# Warhammer Quest - Ipad game



## Poomba (May 21, 2008)

Dont get ur hopes up too much - but looks interesting.

http://www.games-workshop.com/gws/wnt/blog.jsp?pid=3600036

WH Quest for Ipad/phone in 2013


----------



## humakt (Jan 2, 2008)

Its crap that they are only doing this for the iphone. I dont see why Rodeo dont do this as a multi platform release and make an Android version as well. Although GW seem keen not to do anything for the Android looking at thier current digital releases being only on Apple devices.


----------



## khrone forever (Dec 13, 2010)

they should really bring this out on PC and they would get way more sales, GW bollocks again :angry:


----------



## bitsandkits (Mar 18, 2008)

if they released it on android or ps3 i would buy it in a heart beat, but on ipoo platforms they can kiss my hairy behind


----------



## Vaz (Mar 19, 2008)

iPad only books, iPhone only games? whatttt?


----------



## stalarious (Aug 25, 2011)

Maybe there in bed with Apple?


----------



## bitsandkits (Mar 18, 2008)

stalarious said:


> Maybe there in bed with Apple?


well they both have a similar business philosophy , sell stuff at way more than other people in the same market and sue the pants off anyone trying to copy you.
Only problem is hobby doesnt have a Samsung


----------



## PlagueMarineXenon (Jun 30, 2012)

I'll never buy overpriced apple products. Guess gw will lose out on my business too


----------



## Chaosftw (Oct 20, 2008)

Based on that "Teaser" the game looks like crap... Not a single shot from the game to see what the graphics / play style is like... 

Don't get your panties in a knot over that because as it stands right now it looks like a joke. At least in my opinion anyway.

I have only ever used Apple products but I sure as hell wont be going near that game. Ill stick to my Fruit Ninja and Angry Birds 

Chaosftw


----------



## Doelago (Nov 29, 2009)

I understand why they dont release their books outside of iOS, but locking the game to only one platform makes it feel like they are just too lazy to make another version of it. But then, they might bring that one out later. Several games tend to come out months earlier on iOS while they try to piece together how the translate it into the `Droid mess. 

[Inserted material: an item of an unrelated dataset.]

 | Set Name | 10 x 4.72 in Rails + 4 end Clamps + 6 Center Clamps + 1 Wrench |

Trailer is horrible, but I will reserve my judgement for when the game is released.


----------



## IanC (Sep 3, 2010)

Christ, what a bunch of whiny bastards!

Face it, Android is a mess. Its hard to make money on (either because people just use an android phone as a phone, or because they are stuck in that whole "my phones OS OS "free" so should the software!"), and there so many different pieces of hardware out there that testing is a bitch. 

It might end up on Android at some point, and other platforms too. Look at that bizarrely popular Angry Birds nonsense. You can get that on practically everything nowdays. 

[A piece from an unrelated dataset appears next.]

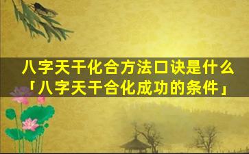 八 🐠 字 🌷 天干 🐳 合化成功的条件:

Also blaming GW for a licensed game only coming out on iOS is bizarre. Its like me complaining that Dawn of War and Blood Bowl are Windows only. Its the developers/publishers decision as to what platforms, not GW's.

But hey, more reasons to hate them i guess! :headbutt:


----------



## Archon Dan (Feb 6, 2012)

The game could be interesting. But it sounds awfully similar to the original Final Fantasy. Of course many RPGs and Dungeon Explorers hit that pitfall. Hopefully the do something to make it unique, like Golden Sun did.


----------



## mead813 (Mar 12, 2011)

Hmmm, looks to be like any dungeon crawler. This one just has the Warhammer name slapped on it. Android has plenty of these. If GW and Rodeo Games dont want my money, ill give it to someone else.


----------



## revilo44 (Sep 17, 2010)

I know this is a old thread but I saw something that this is coming out next week can anyone confirm this?


----------



## Jezlad (Oct 14, 2006)

That would be pretty awesome if it did.


----------



## Doelago (Nov 29, 2009)

revilo44 said:


> I know this is a old thread but I saw something that this is coming out next week can anyone confirm this?


According to *TouchArcade* it will be released on May 30th. This was an unexpected surprise.

But I am not sure whatever its a good or a bad sign... Will still be picking up though.


----------



## Zion (May 31, 2011)

Huh. Next week huh? I may pick up a copy of it, yeah.


----------



## WaLkAwaY (Dec 5, 2012)

Doelago said:


> I understand why they dont release their books outside of iOS...


I thought all books for warhammer and warhammer 40k had to go through BL? Is there another publisher or creator of these books?


----------



## Doelago (Nov 29, 2009)

WaLkAwaY said:


> I thought all books for warhammer and warhammer 40k had to go through BL? Is there another publisher or creator of these books?


I was referring to the Codicies and Army Books, which are published by Games Workshop directly. 

The BL novels are (as far as I know) available in both .mobi and .epub format and are thus readable on both Android and iOS devices.


----------



## WaLkAwaY (Dec 5, 2012)

Doelago said:


> I was referring to the Codicies and Army Books, which are published by Games Workshop directly.
> 
> The BL novels are (as far as I know) available in both .mobi and .epub format and are thus readable on both Android and iOS devices.


Oh, sorry. I forgot all about the tabletop side of this site. I guess if I had stopped to think about it a little more I would have figured that one out.


----------